This was originally written in December 2021. I think it's good practice to run posts by orgs before making them public, and I did in this case. This has some benefits: orgs aren't surprised, they can prepare a response in advance if they want to, they can point out errors before things become public, etc, and I think it's generally worth doing. In this case Leverage folks pointed out some errors, omissions, and bad phrasing in my post, which I've fixed, and I'm thankful for their help. Pre-publication review does also have downsides, however, and in this case as the email conversations grew to 10k+ words over three weeks I ran out of time and motivation.

A month ago I came across this in my list of blog drafts and decided to publish it as-is with a note at the top explaining the situation. This means that it doesn't cover any more recent Leverage developments, including their Experiences Inquiry Report and On Intention Research paper, both published in April 2022. I shared this post again with Leverage, and while I've made edits in response to their feedback they continue to disagree with my conclusion.

In the original pre-publication discussion with Geoff, one of the topics was whether we could make our disagreement more concrete with a bet. For example, research that launches a new subfield generally gets lots of citations, such as the the Concrete Problems paper (1,644 citations at 6 years), and if Leverage 1.0's research ends up having this kind of foundational impact this could be a clear way to tell. When I gave Leverage a second pre-publication heads up, Geoff and I talked more and we were able to nail down some terms: if a Leverage paper drawing primarily on their pre-2019 research has 100+ citations from people who've never worked for Leverage by 2032-10-01, then I'll donate $100 to a charity of Geoff's choosing; if not then Geoff will do the same for a charity of my choosing. I've listed this on my bets page.
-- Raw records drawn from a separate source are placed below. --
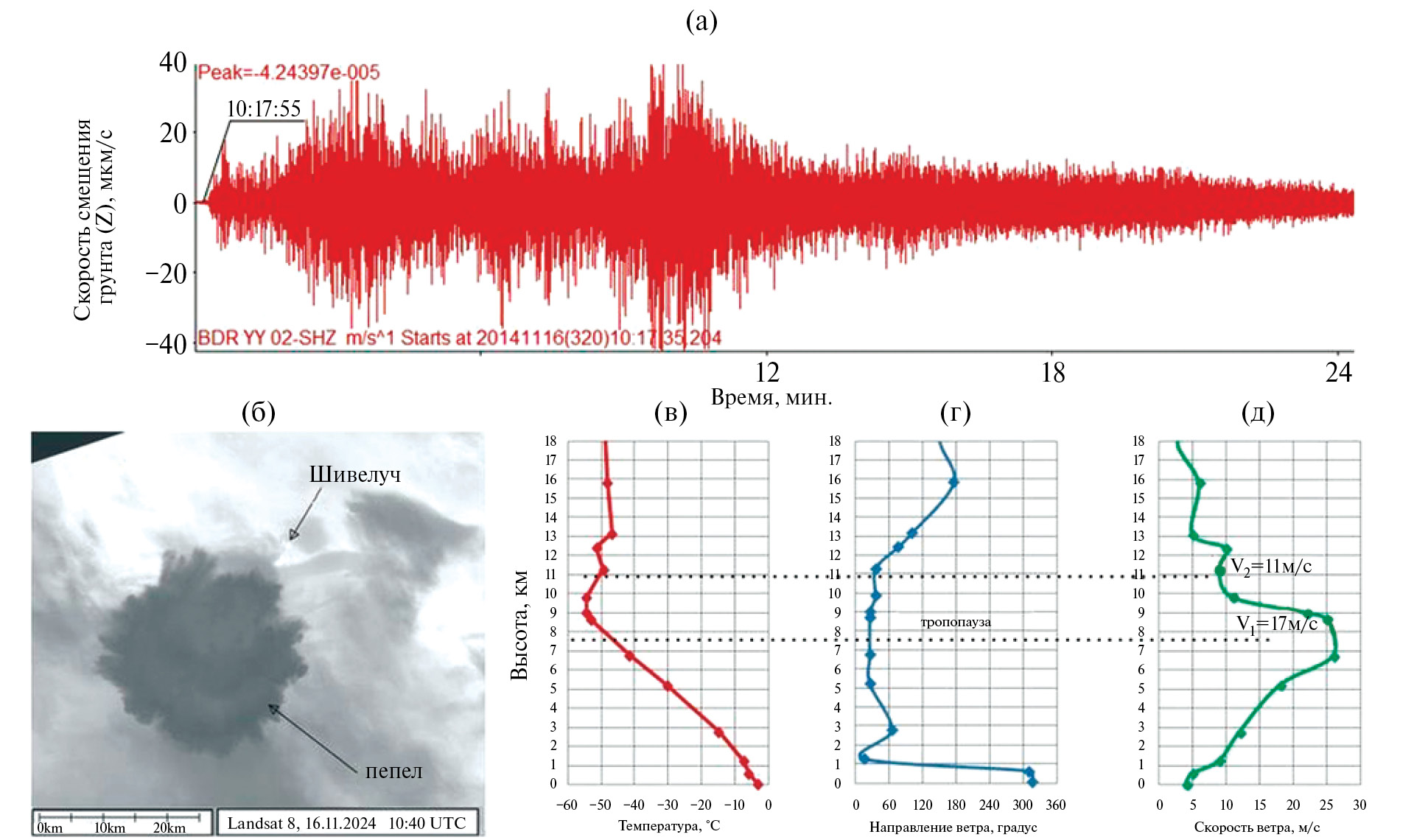 а – вертикальная компонента скорости колебания грунта сейсмического сигнала на BDR, сопровождавшего эксплозивное извержение 16.11.2014 г. вулкана Шивелуч; б – спутниковый снимок (Landsat 8) эруптивного облака эксплозивного извержения вулкана Шивелуч, выполненный в 10:40 16.11.2014 г.; в – данные метеорологической обсерватории “Ключи” на 12:00 16 ноября 2014 г.: стратификация температуры; г – направления ветра; д – скорости ветра.
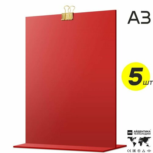 Купить Тейбл тент А3 красный с зажимом, двусторонний, менюхолдер вертикальный, подставка настольная, 5 шт, Айдентика Технолоджи с доставкой по всей России.
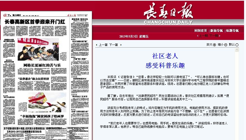 1. 长春日报《社区老人感受科普乐趣》//ccrb.1news.cc/html/2013-05/03/content_309883.htm

In 2011, several people I knew through Boston-area effective altruism and rationality meetups started an organization called Leverage Research. Their initial goal was to "make the world a much better place, using the most effective means we can", and they worked on a wide range of projects, but they're probably best known for trying to figure out how to make people more productive/capable/successful by better understanding how people think and interact. They initially lived and worked in a series of shared houses, first in Brooklyn and then in Oakland; I visited the latter for an evening in early 2014. The core project ("Leverage 1.0") disintegrated in 2019, with some portions continuing, including Paradigm (training/coaching) and Leverage 2.0 (early stage science). In this post I'm only looking at Leverage 1.0, and specifically at their psychology research program.

In mid-December 2021, Leverage's former head of operations, Cathleen, wrote In Defense of Attempting Hard Things: and my story of the Leverage ecosystem (LW comments), giving a detailed history with extensive thoughts on many aspects of the project. I remember her positively from my short 2014 visit, and I'm really glad she took the time to write this up.
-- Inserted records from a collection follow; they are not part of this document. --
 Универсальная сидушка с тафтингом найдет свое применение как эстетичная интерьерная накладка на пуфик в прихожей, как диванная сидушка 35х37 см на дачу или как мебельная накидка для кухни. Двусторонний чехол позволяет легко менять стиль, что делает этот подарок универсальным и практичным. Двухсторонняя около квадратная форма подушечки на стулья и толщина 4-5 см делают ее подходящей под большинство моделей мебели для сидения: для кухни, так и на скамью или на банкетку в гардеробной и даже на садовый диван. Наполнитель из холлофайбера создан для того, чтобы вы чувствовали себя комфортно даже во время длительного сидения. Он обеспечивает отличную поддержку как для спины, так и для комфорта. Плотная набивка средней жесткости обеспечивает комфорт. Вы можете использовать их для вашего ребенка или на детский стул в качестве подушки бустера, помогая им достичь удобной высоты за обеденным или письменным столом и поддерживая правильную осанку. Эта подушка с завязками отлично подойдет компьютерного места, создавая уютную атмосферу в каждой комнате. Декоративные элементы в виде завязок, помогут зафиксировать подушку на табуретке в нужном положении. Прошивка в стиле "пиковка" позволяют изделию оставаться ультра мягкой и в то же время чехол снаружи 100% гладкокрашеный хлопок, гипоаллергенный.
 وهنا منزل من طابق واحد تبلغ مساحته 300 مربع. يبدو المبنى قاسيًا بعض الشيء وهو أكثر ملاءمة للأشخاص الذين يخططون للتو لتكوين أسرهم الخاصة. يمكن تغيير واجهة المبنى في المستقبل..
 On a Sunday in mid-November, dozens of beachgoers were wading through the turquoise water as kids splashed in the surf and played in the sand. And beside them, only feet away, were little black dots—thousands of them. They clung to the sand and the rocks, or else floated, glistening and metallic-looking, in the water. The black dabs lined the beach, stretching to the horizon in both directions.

There are many directions from which people could approach Leverage 1.0, but the one that I'm most interested in is lessons for people considering attempting similar things in the future.

My overall read of Cathleen's post is that she (and many other ex-Leverage folks) view the project as one where a group of people took an unorthodox approach to research, making many deep and important discoveries about how people think and relate to each other. I've read the Connection Theory paper and the four research reports Geoff has published (see Appendix 3), however, and I don't see anything in them that backs up these claims about the originality and insight of their psychology research. While there are a range of reasons why people might not write up even novel and valuable results, I think the most likely explanation is that there weren't discoveries on the level they're describing.

Geoff is still gradually writing up Leverage 1.0-era results, so it's possible that something will come out later that really is impressive. While this isn't what I'm expecting, if it happens I'll need to retract most of what follows. [2022-09: this is essentially what Geoff and I bet on above.]

If there weren't any big psychology research breakthroughs, however, why would they think there were? Putting together my reading of Cathleen's post (Appendix 1), Larissa's post (Appendix 2), and a few other sources (Appendix 3), here's what I see as the most likely story: "The core problem was that Leverage 1.0 quickly became much too internally focused. After their Connection Theory research did not receive the kind of positive response they were hoping for they stopped seeing publishing as a way to get good feedback. With an always-on dynamic and minimal distinction between living and working space during their formative years, their internal culture, practice, and body of shared knowledge diverged from mainstream society, academia, and the communities they branched from. They quickly got to where they felt people outside the group didn't have enough background to evaluate what they were doing. Without enough deep external engagement, however, it was too hard for them to tell if their discoveries were actually novel or valuable. They ended up putting large amounts of effort into research that was not just illegible, but not very useful. They gave up their best sources of external calibration so they could move faster, but then, uncalibrated, put lots of effort into things that weren't valuable."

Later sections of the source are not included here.